I'd like to get my 9l keg full of some premixed spirits - probably gin and tonic

What do you guys think would be the best mix? I was thinking 1l gin + 7L tonic. Think this would be alright?

And with carbonation, do I just carb at dispensing pressure as normal?


----------



## quantocks (3/1/09)

hey mate, 

from an old digup.



sluggerdog said:


> roach, I used to be pretty accurate with it but now have gone lazy.
> 
> Basically I do the following:
> 
> ...




so probably halve that?

link here


----------



## PostModern (3/1/09)

Most splits in pubs are sold in a 7oz glass. 1oz spirit, 6oz mixer. Maybe less mixer with ice. 1L to 7 and you won't taste enough spirit, I think. Try small controlled measures in a glass and see what ratio suits your taste best, then upscale.


----------



## clean brewer (3/1/09)

From working in Restaurants, generally for a spirit and nice mix, 30ml spirit-180ml mixer..
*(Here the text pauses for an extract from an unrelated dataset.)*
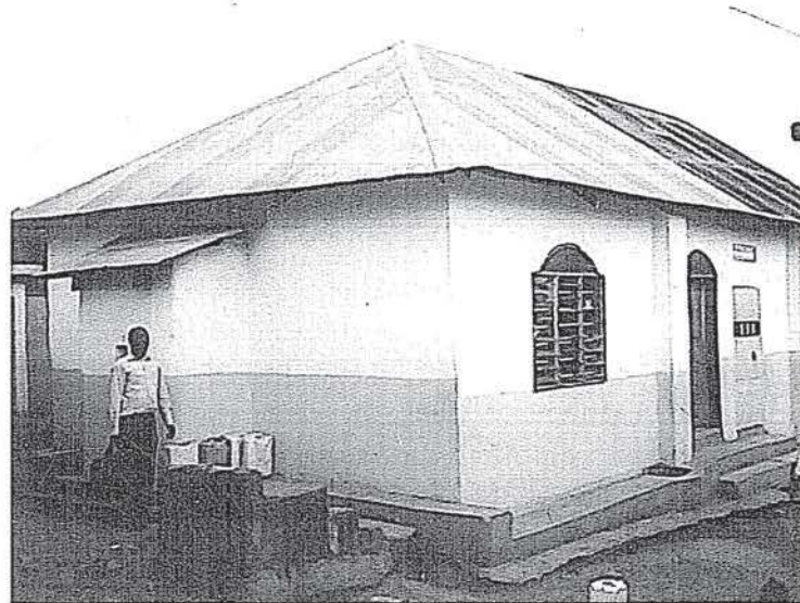
Kasubi Mosque-After renovation. The foundation and Mihrab are the only ancient ones (Picture taken on Friday 7 th February 2014)

In the colonial times, The Kabakaship of Mutesa I donated vast land to Muslims for mosque construction and Islamic centres, and "Kasubi Mosque" in the Kabaka palace is regarded to be one of the ancient Charities known in Uganda, its history is traced back to Kabaka Mutesa. 3

I think I calculated 1.4ltr spirit and the rest with mixer in 9ltr keg..

Cheers


----------



## crundle (3/1/09)

Did this for a friend's kids party (adult kids!) and we premixed it to 5% alcohol.

Worked well, people were getting drunk, but not at a crazy rate.

For a calculator, visit homedistiller.org, and go to dilution calculator.

for 9 litres of 5% mix, it will take;

1.125l of 40% alcohol
7.875l of water (or whatever mixer you wish to use)

hope this helps,

Crundle

edit: I need spelling lessons!


----------



## gros21 (4/1/09)

grrr why doesn't bourban come in 1.25L any mor same with rum there all 1l

im planning to do the same prolly tomorrow lol

please check out boozle.com.au to find teh cheapest spririts in ya area

i got 2 x 1l jim beams for $70 and i got 2 lots of them lol

thne got some limited edtion xmas jimmy as well


----------



## Carbonator (4/1/09)

captaincleanoff said:


> I'd like to get my 9l keg full of some premixed spirits



It's great idea, but It would go down faster than beer if I sat next to it all night! :icon_drool2:


----------



## clean brewer (5/1/09)

Made a mix up today, 1125ml Vodka and 5 x 1.25ltr Schweppes Lime & Soda, in the 9ltr keg.. Easy as and tastes pretty good...

I knew the 9ltr would come in handy, saves stuffing about pouring the spirit and then the mixer..

I think now i'll just keep 3 x 19ltr kegs of beer in the fridge and the 9ltr of Spirit, fixs perfect, if I wanted to fit 4 Cornies in id have to alter the door trim..

:icon_chickcheers:


----------